[[ DATASET ENTRIES, beginning ]]

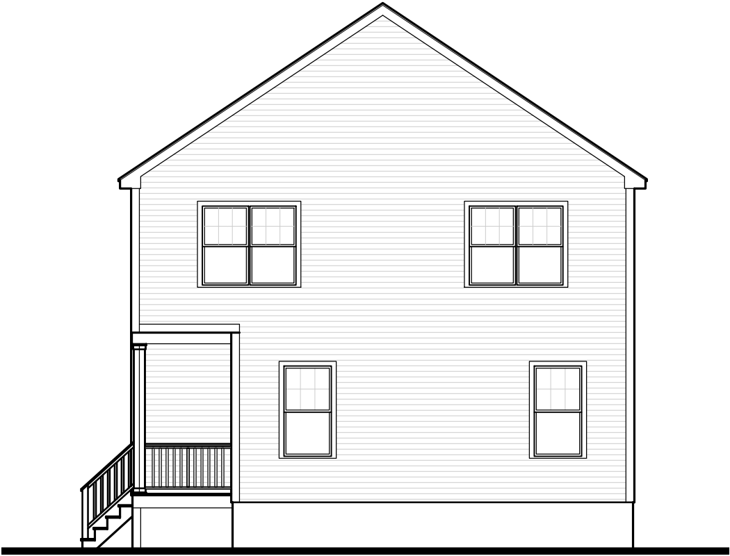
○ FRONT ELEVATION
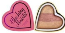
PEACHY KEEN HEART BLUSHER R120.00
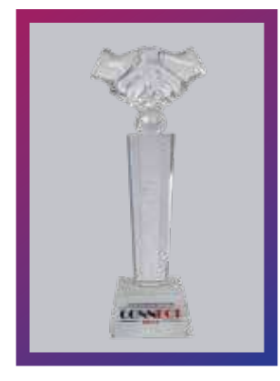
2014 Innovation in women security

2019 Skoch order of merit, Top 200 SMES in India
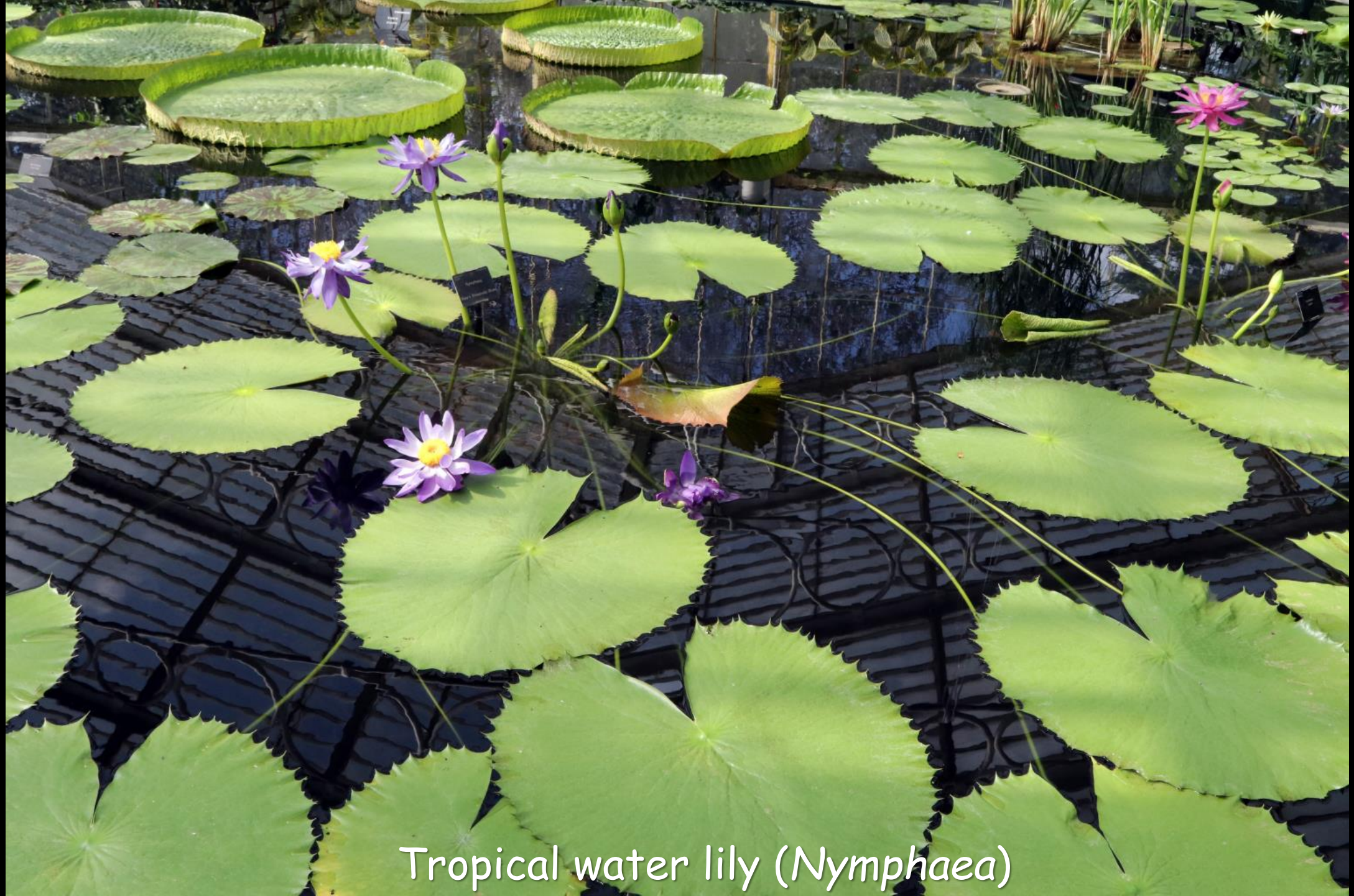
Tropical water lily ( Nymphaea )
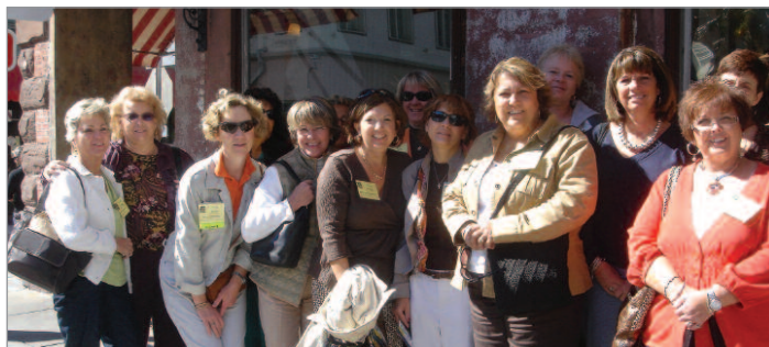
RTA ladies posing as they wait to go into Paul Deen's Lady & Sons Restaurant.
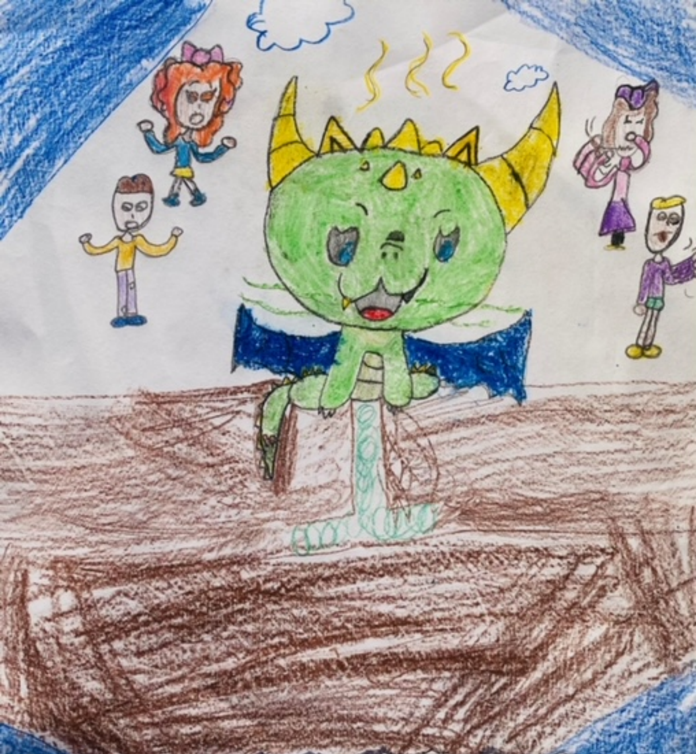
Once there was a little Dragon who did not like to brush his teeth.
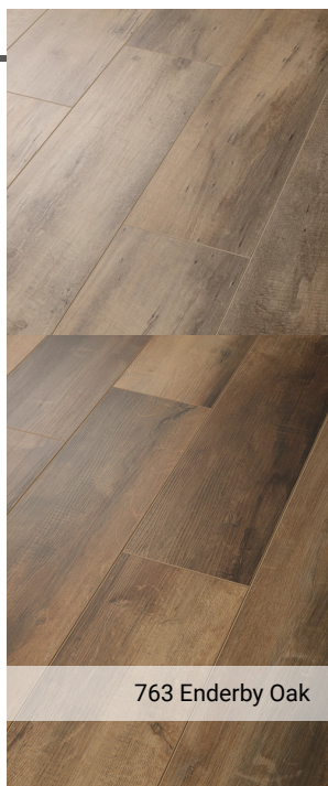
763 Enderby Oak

[[ DATASET ENTRIES, end ]]

#### [PROBLEM TO WORK ON]
Print out each record exactly as shown, but keep the pictures out.

#### [RESPONSE AREA]
○ FRONT ELEVATION
PEACHY KEEN HEART BLUSHER R120.00
2014 Innovation in women security

2019 Skoch order of merit, Top 200 SMES in India
Tropical water lily ( Nymphaea )
RTA ladies posing as they wait to go into Paul Deen's Lady & Sons Restaurant.
Once there was a little Dragon who did not like to brush his teeth.
763 Enderby Oak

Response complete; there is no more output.